An avalanche of mixed emotions became known inside the magician: anger, relief, fear, realization, guilt, loneliness and sorrow. He thought he could just smile his famous smile and hold back any sign of the hurt he held inside for so long.
How wrong he was.
He blinked.
A tear slid down his face.
Marking him.
The rage that was present in the warrior was suddenly quelled when he saw the lone tear slide down the magician's face.
Fai was crying.
It took Kurogane a moment to realize what's happening.
Fai lowered his face, his form shaking violently in Kurogane's grasp before collapsing into the other man's arms, floods of tears pouring his lone eye, the eye that lost the other that was savagely taken from him.
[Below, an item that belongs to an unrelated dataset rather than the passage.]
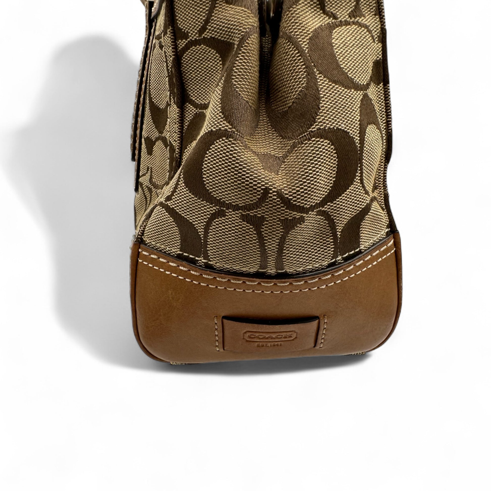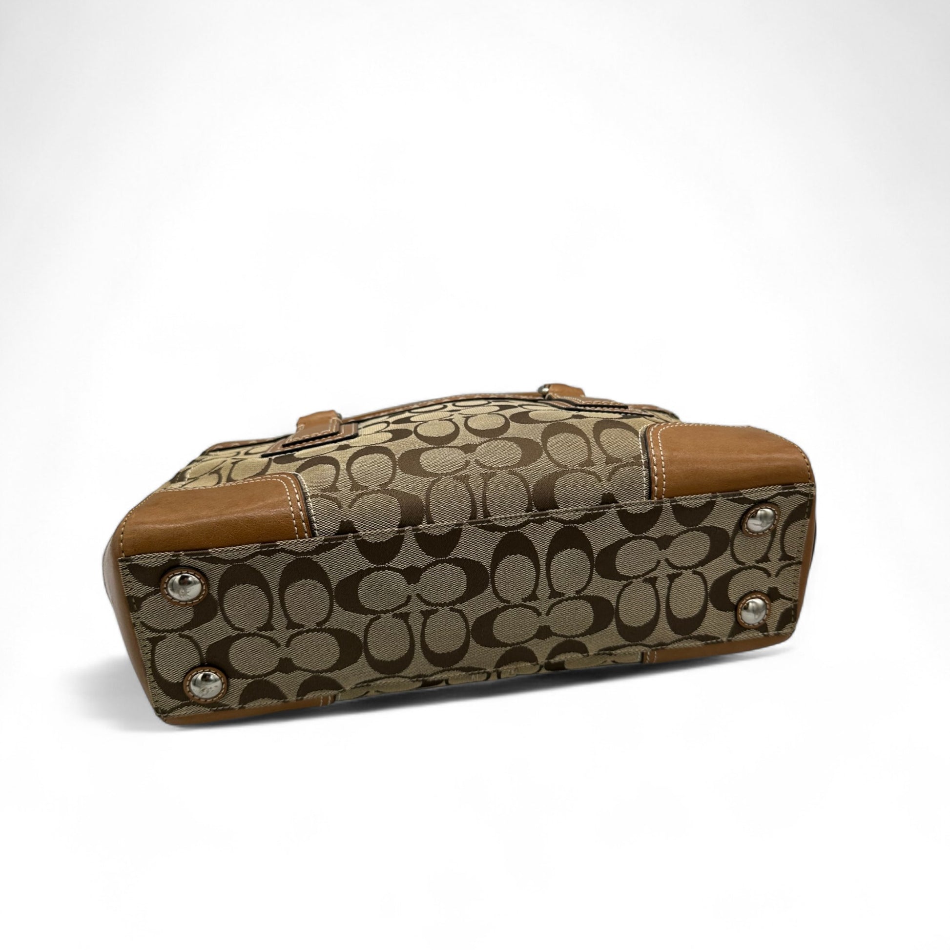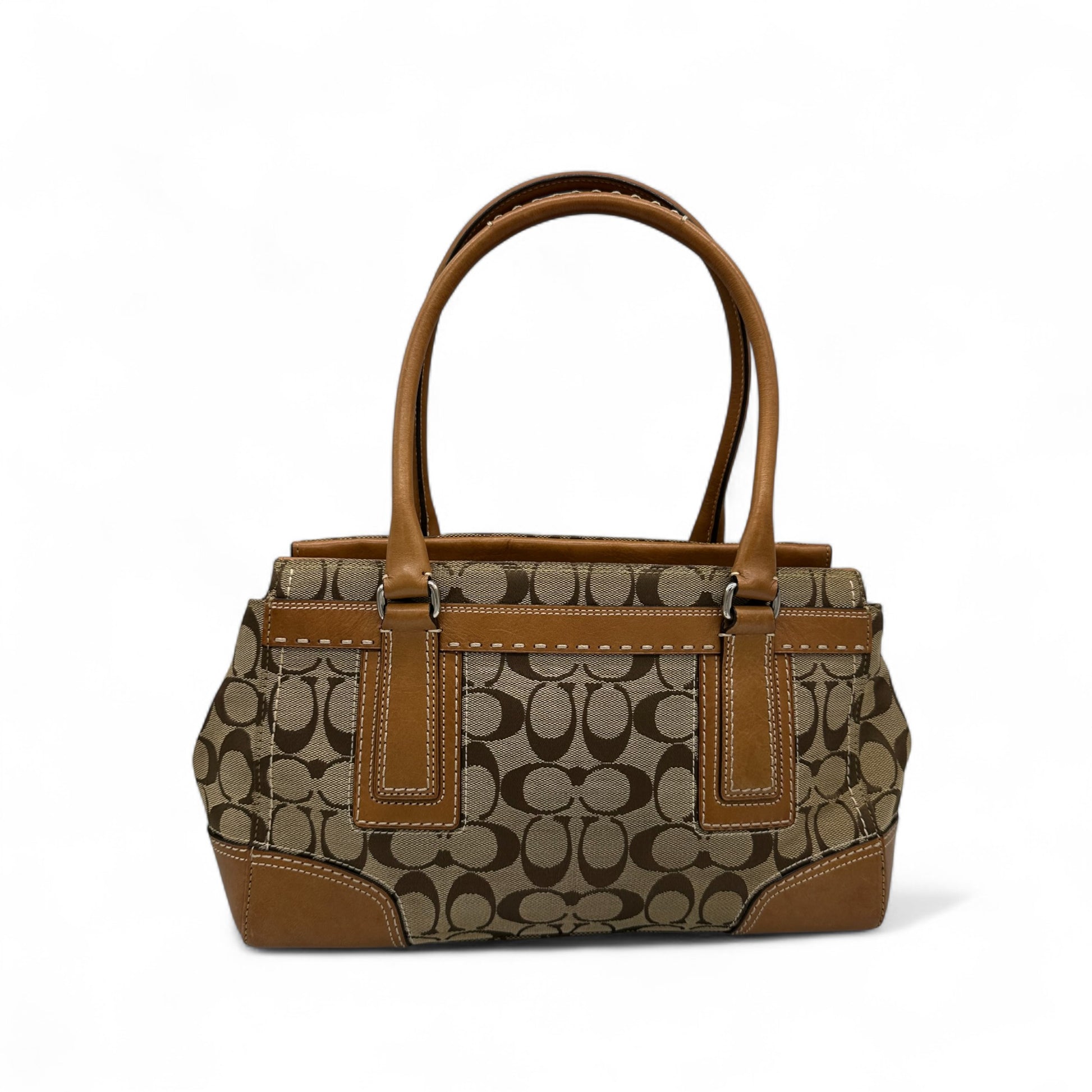 Model and style: Vintage Coach 11589 Turnlock Handbag. In brown and tan signature monogram, trimmed with tanned leather and silver turnlock hardware. A large tote style bag which can be used as a handbag or worn on the shoulder.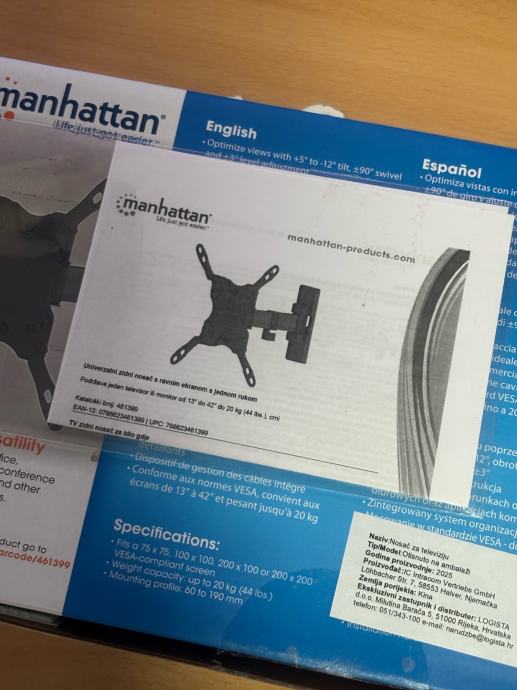 Prodajem Manhattan univerzalni zidni nosac za flat-panel televizore ili monitore. Nosač je potpuno nov, nikada montiran, u originalnom pakiranju sa svim pripadajućim vijcima i tiplama (vidljivo na slikama).

The warrior was surprised by this sudden outburst of sadness that the magician, so surprised that he almost fell to the ground before he let his legs fall under him.
Fai took deep breaths before releasing shaky and shuddering sobs, releasing all the sadness, all the loneliness, all the torment, all the loss that he experienced and all the anger that he had kept bottled inside him for so long, maybe too long that he would have surely been easily broken.
Kurogane was hesitant into taking all of this in, of what was happening at this moment.
He wasn't used to seeing someone cry, not even he had shed tears for the longest time.
To be emotional was to be weak, and for someone like him to be seen as weak is to invite horrors no one should have to experience.
But…
The magician was different.
"I'm…… I'm…sorry….I….I'm...…so sorry…."
Fai was crying into Kurogane's shoulder, holding onto him as though to let go of him would mean certain death. The magician looked weaker and more vulnerable than the warrior had ever seen him before – in fact the warrior had doubts if this was the real magician. The magician would usually hide what pain he felt so that he wouldn't let others get involved in his own anguish, but now it seemed that the magician had let himself become human.
Fai let another shuddering sob descend into the silence that was between them. Kurogane couldn't but smile bitterly; for the first time in his life he felt as though he needed Fai as much as Fai needed him.
That was the way it was supposed to be, for the magician to release all the gentle lies he held in and he would set free.